• PROBLEM: Working from the data below, write out exactly the lines from its first through the line that contains "PRZEWÓD HAMULCOWY ELASTYCZNY", both ends included and pictures omitted.

Stored records
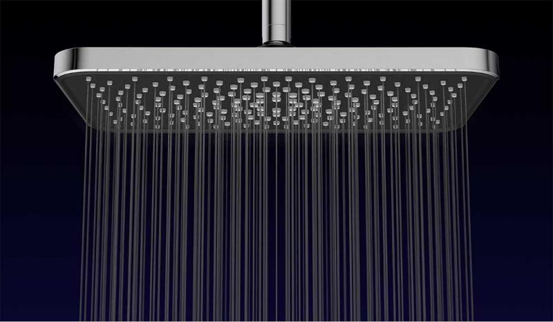 В комплекте: смеситель, тропический душ, ручной душ 3 режима, душевой шланг, держатель для ручного душа. |
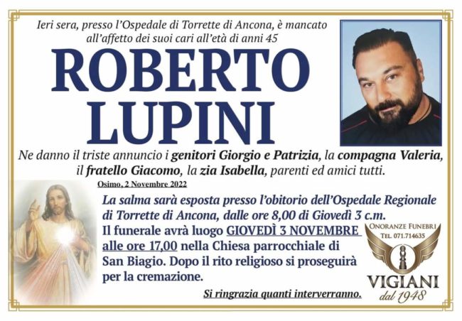 Roberto Lupini, 45 anni, è morto all’improvviso dopo essere stato colto da un ictus che lo ha colpito due settimane fa. Ricoverato a Torrette, il quadro clinico si è purtroppo aggravato nella tarda serata di ieri.
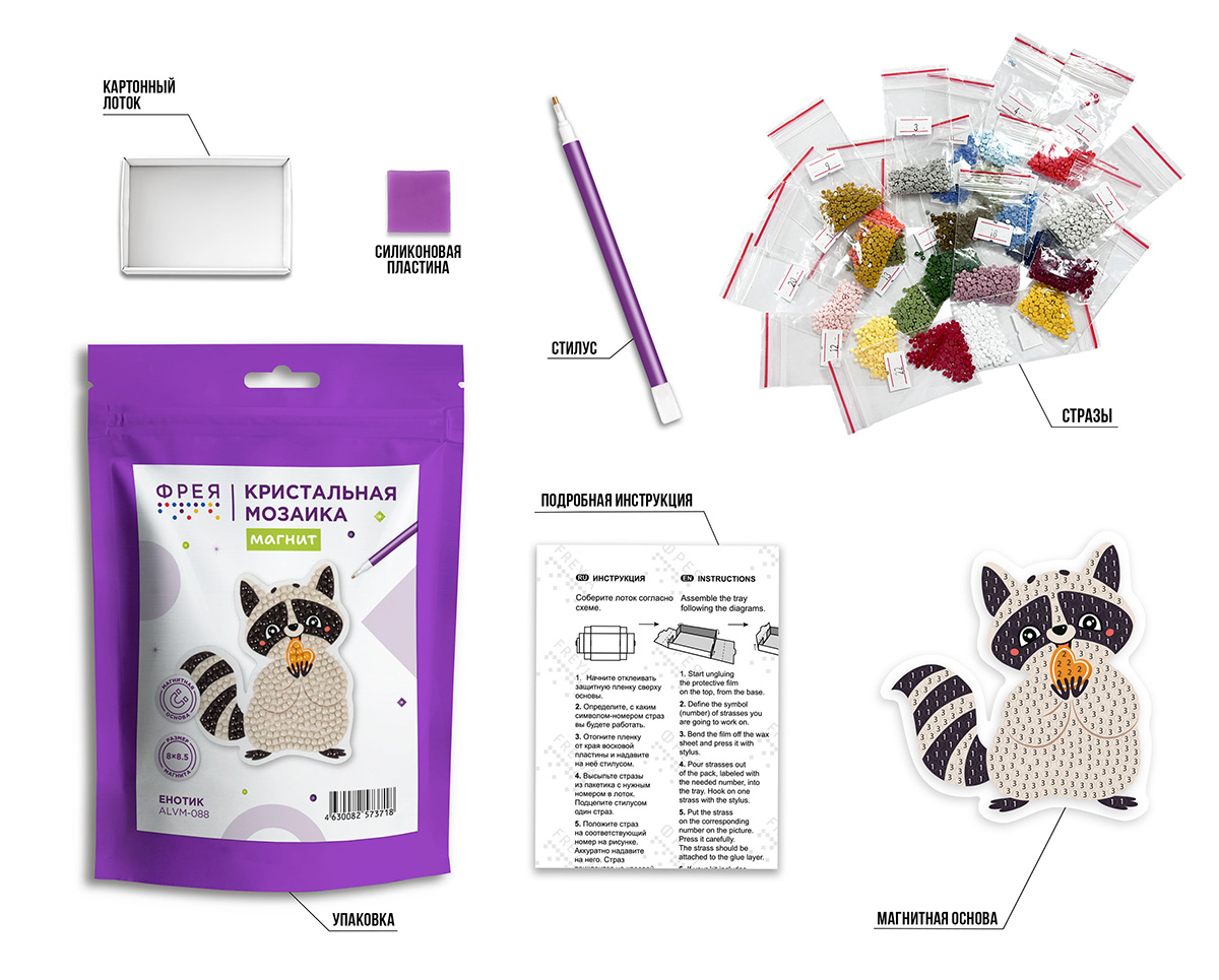 Набор для создания магнита в технике «Кристальная мозаика» — это увлекательное занятие для детей и взрослых, которое позволяет своими руками создать яркое украшение для дома. Процесс выкладки не требует специальных навыков и проходит легко и быстро, а результат порадует своей красотой и блеском.
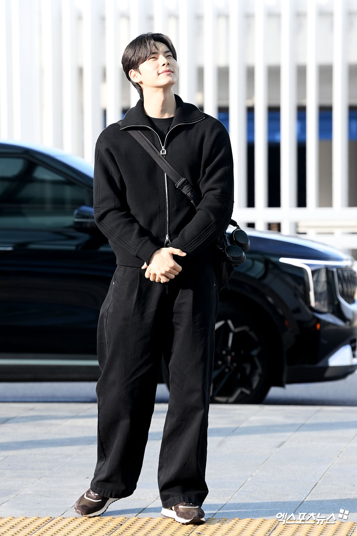 이날 이채민은 편안하면서도 감각적인 올블랙 룩으로 등장했다. 지퍼 디테일의 니트 집업에 와이드 핏 팬츠를 매치해 미니멀하면서도 여유로운 분위기를 연출했다. 여기에 어깨에 멘 크로스백과 무채색 스니커즈로 실용적인 포인트를 더하며 세련된 공항패션을 완성했다.
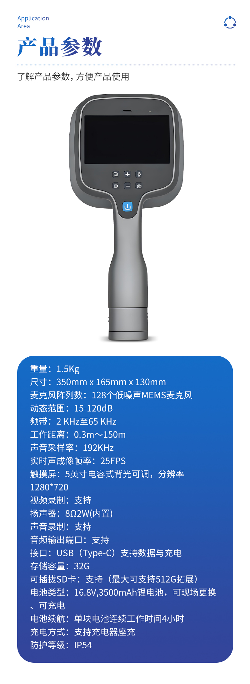 | 麦克风阵列数 | 128个低噪声MEMS麦克风 |
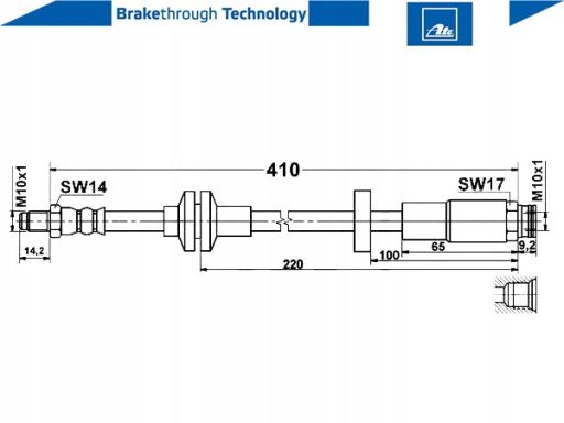 PRZEWÓD HAMULCOWY ELASTYCZNY PRZÓD L/P (DŁ. 410MM, M10X1) PASUJE DO: ALFA ROMEO GIULIETTA, GIULIETTA/HATCHBACK 1.4-2.0D 04.10-12.20
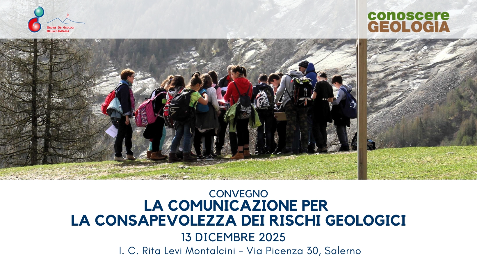L’Ordine dei Geologi della Campania è lieto di promuovere il convegno “La comunicazione per la consapevolezza dei rischi geologici”, un evento in collaborazione con la testata “Conoscere Geologia” fondamentale dedicato a professionisti, studenti, enti pubblici e aziende del settore. L’iniziativa si propone di approfondire le strategie comunicative efficaci per aumentare la consapevolezza sui rischi geologici, tema cruciale per la sicurezza del territorio e la prevenzione dei disastri naturali.
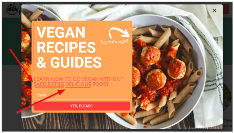 For instance, this pop up from The Sustainable Harvest utilizes the words “sacrificing” & “delicious” to tempt visitors into subscribing.
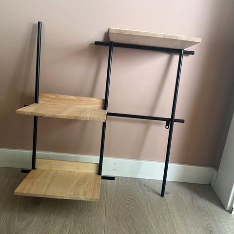 Vegghylle i metall som er i varm beige/terakotta-farge og petroleumsfarget «innerhylle».
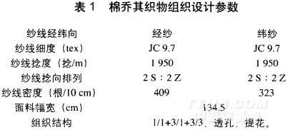 紗線的捻度、捻向和織物的強(qiáng)度、手感、外觀密切相關(guān)。為使印染整理后面料手感舒爽,有隱約的縐縮紋效果,在設(shè)E借鑒絲織喬其縐的設(shè)計(jì)思路,經(jīng)緯紗采用Jc9.7tex(捻度1950捻/m)強(qiáng)捻紗,并按2S:2Z排列,這樣在退、練、漂后由于強(qiáng)捻紗的退捻收縮產(chǎn)生皺縮效果,且相鄰兩種捻向的紗退捻方向相反產(chǎn)生相互作用力,使布面縐紋均勻細(xì)密,具有精細(xì)的外觀,并且給人舒適自然的感覺(jué)。
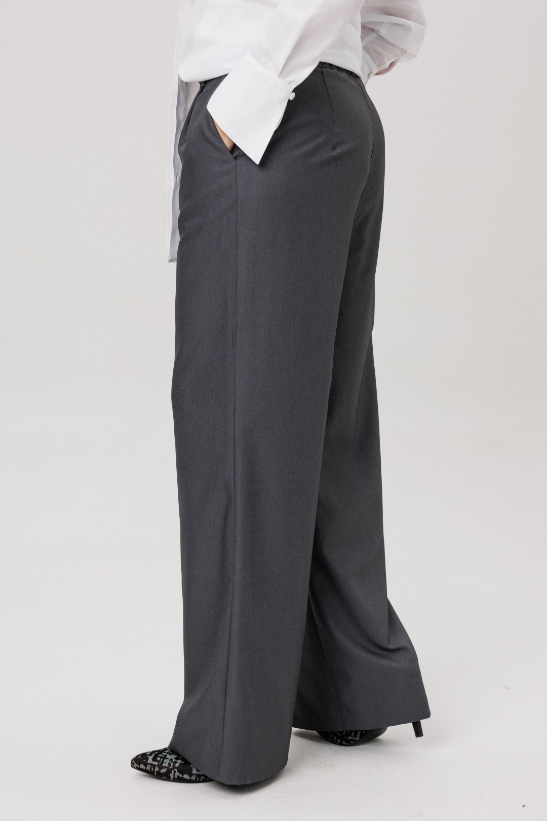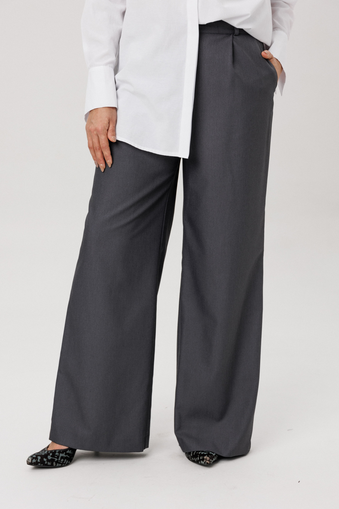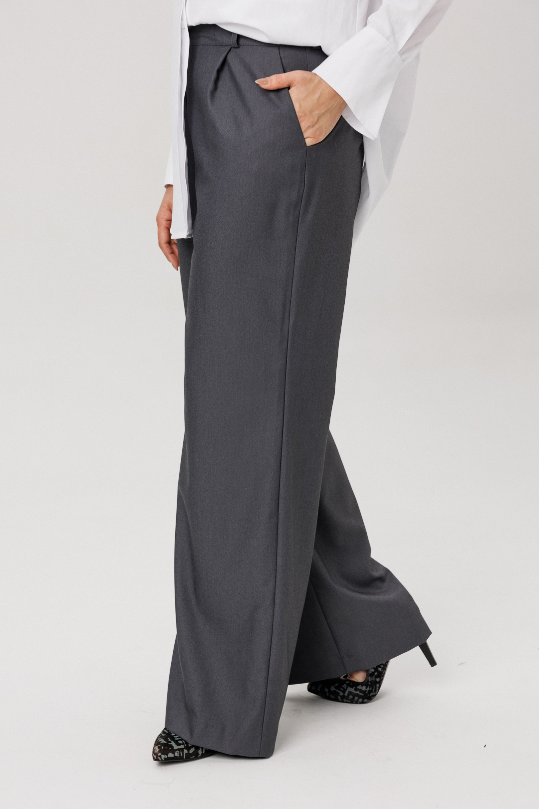 Широкие, струящиеся силуэты, мягко ниспадающие от талии, создают эффект роскошного движения с каждым шагом, серый цвет – официальность и в тоже время легкость.
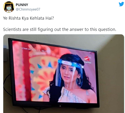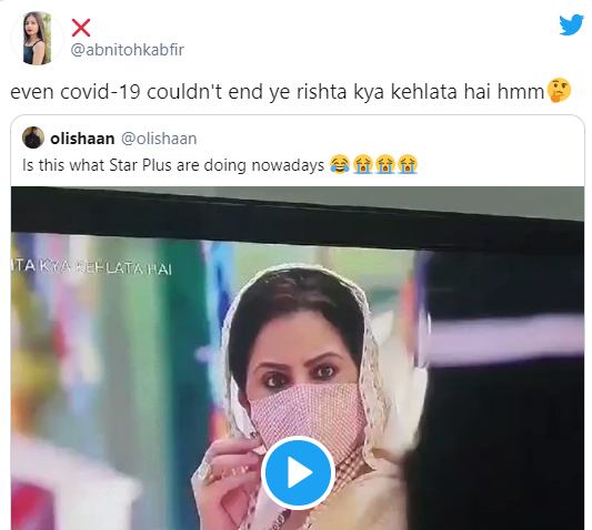 Và cảnh quay đang tạo “cơn sốt” trong cộng đồng mạng Twitter mấy ngày nay, đó là hai nhân vật Naira (do Shivangi Joshi thủ vai) và Sita Chaudhary (do Alka Kaushal thủ vai) nói chuyện với nhau trong khi đeo mặt nạ.
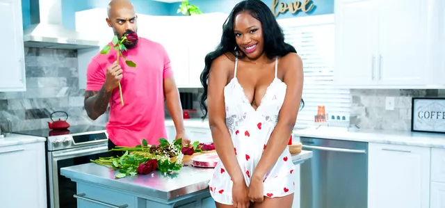 Busty ebony babe Brianna Moore uses her pierced tits to tempt her stepdad, sucking his thick BBC before bouncing hard on it.
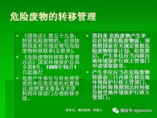 7)企業(yè)需要有清晰、詳細的臺賬;五聯(lián)單執(zhí)行情況,企業(yè)需要有齊全的轉(zhuǎn)移手續(xù)對危險廢物進行交換轉(zhuǎn)移。
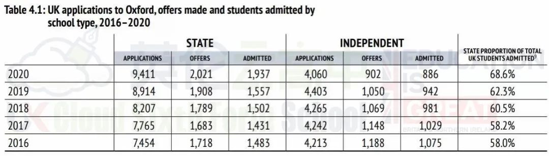 2020年,牛津录取的公立学生占比68.6%(62.3%),是历史最高纪录。
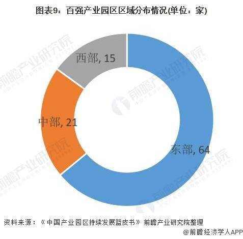 根据国家级产业园区发展竞争力百强榜单显示,百强产业园中,东部64家、中部21家、西部15家,历年区域数量分布基本一致。
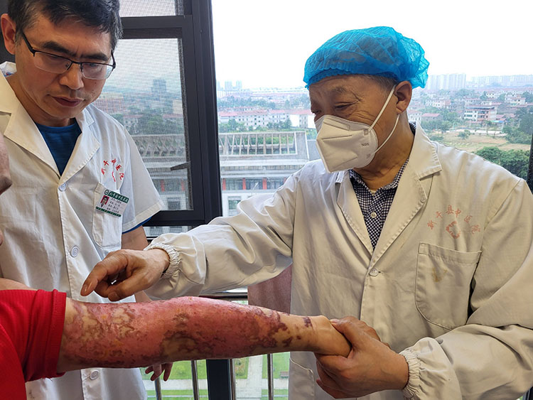 5月12日,中國中西醫(yī)結(jié)合學(xué)會燒傷專業(yè)委員會醫(yī)療部張強(qiáng)主任,受邀到訪武漢大學(xué)人民醫(yī)院經(jīng)開醫(yī)院中醫(yī)瘡瘍科會診壓瘡、下肢靜脈曲張血管性潰瘍、低溫燙傷等慢創(chuàng)患者,張主任示范了再生醫(yī)療技術(shù)規(guī)范清創(chuàng)、換藥及處理創(chuàng)面的技巧與細(xì)節(jié),會后同科室張成主任探討了患者的基礎(chǔ)病的治療與營養(yǎng)方案,針對不同的病情制定個(gè)性化治療方案。此次會診交流活動,促進(jìn)了中醫(yī)藥傳承創(chuàng)新,提升了中醫(yī)藥在治療瘡瘍科疾病中的作用!

• EXPECTED ANSWER:
 В комплекте: смеситель, тропический душ, ручной душ 3 режима, душевой шланг, держатель для ручного душа. |
 Roberto Lupini, 45 anni, è morto all’improvviso dopo essere stato colto da un ictus che lo ha colpito due settimane fa. Ricoverato a Torrette, il quadro clinico si è purtroppo aggravato nella tarda serata di ieri.
 Набор для создания магнита в технике «Кристальная мозаика» — это увлекательное занятие для детей и взрослых, которое позволяет своими руками создать яркое украшение для дома. Процесс выкладки не требует специальных навыков и проходит легко и быстро, а результат порадует своей красотой и блеском.
 이날 이채민은 편안하면서도 감각적인 올블랙 룩으로 등장했다. 지퍼 디테일의 니트 집업에 와이드 핏 팬츠를 매치해 미니멀하면서도 여유로운 분위기를 연출했다. 여기에 어깨에 멘 크로스백과 무채색 스니커즈로 실용적인 포인트를 더하며 세련된 공항패션을 완성했다.
 | 麦克风阵列数 | 128个低噪声MEMS麦克风 |
 PRZEWÓD HAMULCOWY ELASTYCZNY PRZÓD L/P (DŁ. 410MM, M10X1) PASUJE DO: ALFA ROMEO GIULIETTA, GIULIETTA/HATCHBACK 1.4-2.0D 04.10-12.20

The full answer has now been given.